Чертов крест: Испанская мистическая проза XIX — начала XX века — страница 7 из 43

А еще, уж не знаю верить ли, да только слышала я разговоры в нашем квартале, слышала разговорчики людишек подлых, будто собираются устроить теплый прием наглецу. Сказывают, только коснется он клавиш, как тотчас шум до небес поднимется, примутся колотить в бубны да в барабаны, греметь-звонить в бубенцы и колокольчики, а шум такой воцарится, что ничего и не услышишь… Тихо! Наш герой тут как тут, уже пришел. Господи Иисусе, ну и щеголь! Что за платье! Цветастое! А воротник! Ну и вид! Идем, идем, сейчас прибудет сам монсеньор архиепископ, а там и месса начнется… Идем! Сдается мне, что о сегодняшней ночи еще долго судачить будут.


Достопочтенная сеньора, уже знакомая нашим читателям своеобразным красноречием, сеньора, чьи фразы острыми обрубками срывались с губ, резко оборвала рассказ, окончательно умолкла и ринулась в церковь Святой Инессы, привычно пробивая себе дорогу в толпе, щедро раздавая направо-налево пинки и тумаки, — колени ее и локти покоя не знали.

Служба должна была вот-вот начаться. Храм сиял, как и год назад.

Новый органист протиснулся сквозь плотную толпу прихожан, которые теснились вокруг предстоятеля, силились дотянуться и облобызать руку прелата. Органист протиснулся, поднялся на хоры, устроился за инструментом и принялся перебирать клавиши с такой притворной серьезностью, что выглядел жалким и смешным.

Среди подлого люда, теснившегося у подножия храма, пронесся смутный, глухой ропот: верный знак приближающейся бури, которая не преминула разразиться в самом скором времени.

— Да это настоящий мошенник, жулик, он ничего не может сделать правильно, он даже в глаза посмотреть прямо не может, косит на оба глаза! — горланили одни.

— Невежа! Сначала в своем приходе мучил прихожан — лучше бы взялся за трещотку, а не за оргáн, — теперь хочет надругаться над памятью о нашем дорогом маэстро Пересе, — вторили им другие.

Среди тех, кто принялся вытаскивать из-под плащей бубны, примериваясь, как бы посильней приложиться к тугой коже, и тех, кто изготовился бренчать бубенцами, решивших устроить оглушительный шум и грохот, так чтоб небесам тошно стало, среди них едва ли сыскался хотя бы один-единственный человек, который осмелился бы, пусть робко, заступиться за нелепого беднягу, чья горделивая осанка являла собой полную противоположность смирению, кротости и нежному добродушию почившего маэстро Переса.

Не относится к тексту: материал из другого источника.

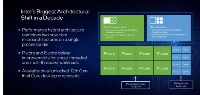 12代酷睿设计了两种CPU核心,一个是性能核(P核),一个是能效核(E核)。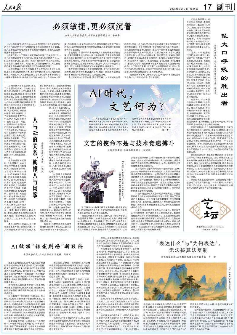 人工智能(AI)是科學技術(shù)發(fā)展到新一輪的最新變革,它不僅推動產(chǎn)業(yè)升級,改變傳統(tǒng)經(jīng)濟的面貌,而且對人類社會生活產(chǎn)生深遠影響,也必將深刻地改變文藝和文學。文藝工作者應該具備感知時代變革的能力,大膽學習研究新生事物,讓傳統(tǒng)藝術(shù)的創(chuàng)作插上新的時代翅膀。2025年全國兩會召開之際,本版約請全國人大代表、全國政協(xié)委員共同探討“AI時代,文藝何為?”這一話題,以饗讀者。

Все с нетерпением ждали кульминации, и наконец торжественный момент настал. Священник склонился, пробормотал вполголоса какие-то священные слова и взял облатку… Послышался размеренный перезвон колоколов, им отозвались, словно дробью серебряных капель дождя, стекла стрельчатых витражей, взметнулись и поплыли тугими волнами клубы ладана, вступил оргáн.

Оглушительный грохот взорвал церковный покой, заполнил собой дальние пределы храма и поглотил первые аккорды.

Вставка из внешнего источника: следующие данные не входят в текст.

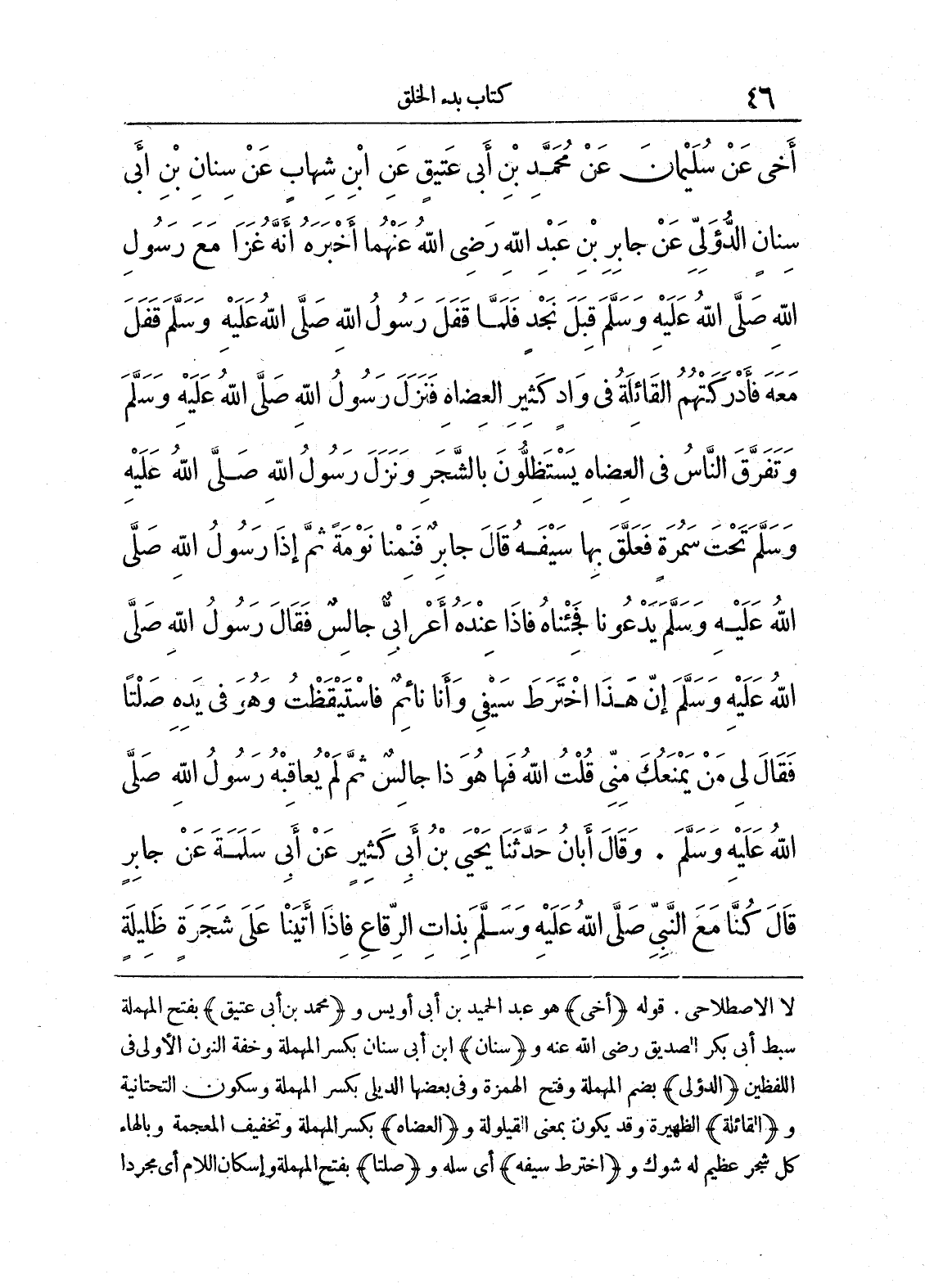 أَخِى عَنْ سُلَيْمَانَ عَنْ مُحَمَّدِ بْنِ أَبِى عَتِيقٍ عَنِ ابْنِ شِهَابٍ عَنْ سِنَانِ بْنِ أَبِى سِنَانٍ الدُّؤَلِىِّ عَنْ جَابِرِ بْنِ عَبْدِ اللَّهِ - رضى الله عنهما - أَخْبَرَهُ أَنَّهُ غَزَا مَعَ رَسُولِ اللَّهِ صلى الله عليه وسلّم قِبَلَ نَجْدٍ، فَلَمَّا قَفَلَ رَسُولُ اللَّهِ صلى الله عليه وسلّم قَفَلَ مَعَهُ، فَأَدْرَكَتْهُمُ الْقَائِلَةُ فِى وَادٍ كَثِيرِ الْعِضَاهِ، فَنَزَلَ رَسُولُ اللَّهِ صلى الله عليه وسلّم، وَتَفَرَّقَ النَّاسُ فِى الْعِضَاهِ يَسْتَظِلُّونَ بِالشَّجَرِ، وَنَزَلَ رَسُولُ اللَّهِ صلى الله عليه وسلّم تَحْتَ سَمُرَةٍ، فَعَلَّقَ بِهَا سَيْفَهُ، قَالَ جَابِرٌ فَنِمْنَا نَوْمَةً، ثُمَّ إِذَا رَسُولُ اللَّهِ صلى الله عليه وسلّم يَدْعُونَا، فَجِئْنَاهُ فَإِذَا عِنْدَهُ أَعْرَابِىٌّ جَالِسٌ فَقَالَ رَسُولُ اللَّهِ صلى الله عليه وسلّم «إِنَّ هَذَا اخْتَرَطَ سَيْفِى، وَأَنَا نَائِمٌ فَاسْتَيْقَظْتُ، وَهْوَ فِى يَدِهِ صَلْتاً، فَقَالَ لِى مَنْ يَمْنَعُكَ مِنِّى قُلْتُ اللَّهُ. فَهَا هُوَ ذَا جَالِسٌ». ثُمَّ لَمْ يُعَاقِبْهُ رَسُولُ اللَّهِ صلى الله عليه وسلّم. وَقَالَ أَبَانُ حَدَّثَنَا يَحْيَى بْنُ أَبِى كَثِيرٍ عَنْ أَبِى سَلَمَةَ عَنْ جَابِرٍ قَالَ كُنَّا مَعَ النَّبِىِّ صلى الله عليه وسلّم بِذَاتِ الرِّقَاعِ، فَإِذَا أَتَيْنَا عَلَى شَجَرَةٍ ظَلِيلَةٍ

Бубенцы, колокольчики, бубны и барабаны — любимые инструменты гогочущей толпы — разом грохнули, слились в громоподобную какофонию. Хаос и шум длились недолго и — о чудо! — едва набрав силу, разом смолкли. Все вдруг онемели.

Второй аккорд, сочный, мощный, величественный, восстал и полился неодолимым потоком из труб оргáна, словно неиссякаемый водопад.

Песни горних высей, мелодии которых ласкают слух в минуту высшего благоговения и экстаза; песни, которые воспринимаешь душой, но губы не в силах повторить ни звука; беглые ноты далекой мелодии, едва различимой между стихающими порывами ветра; шорох целующейся листвы, похожий на тихий шепот дождя; трели жаворонка, поющего среди цветов, трели, подобные стреле, теряющейся в облаках; оглушительный рокот, имени которому нет, рокот, внушающий ужас, подобно раскатам далекого ненастья; хор серафимов, чья песня лишена и ритма, и размера, неведомая музыка небесных сфер, постижимая лишь воображением, но не слухом; неуловимые, легкокрылые гимны, подобно огненному и звонкому смерчу, поднимающемуся в заоблачные выси, достигающему и самого престола Господа нашего, — все это изливалось тысячей голосов из труб оргáна с такой дикой, необузданной силой и страстью, изливалось напитанное столь дивной поэзией, наполненное поистине фантастическими оттенками и цветами, что человеческими, темными словами описать невозможно.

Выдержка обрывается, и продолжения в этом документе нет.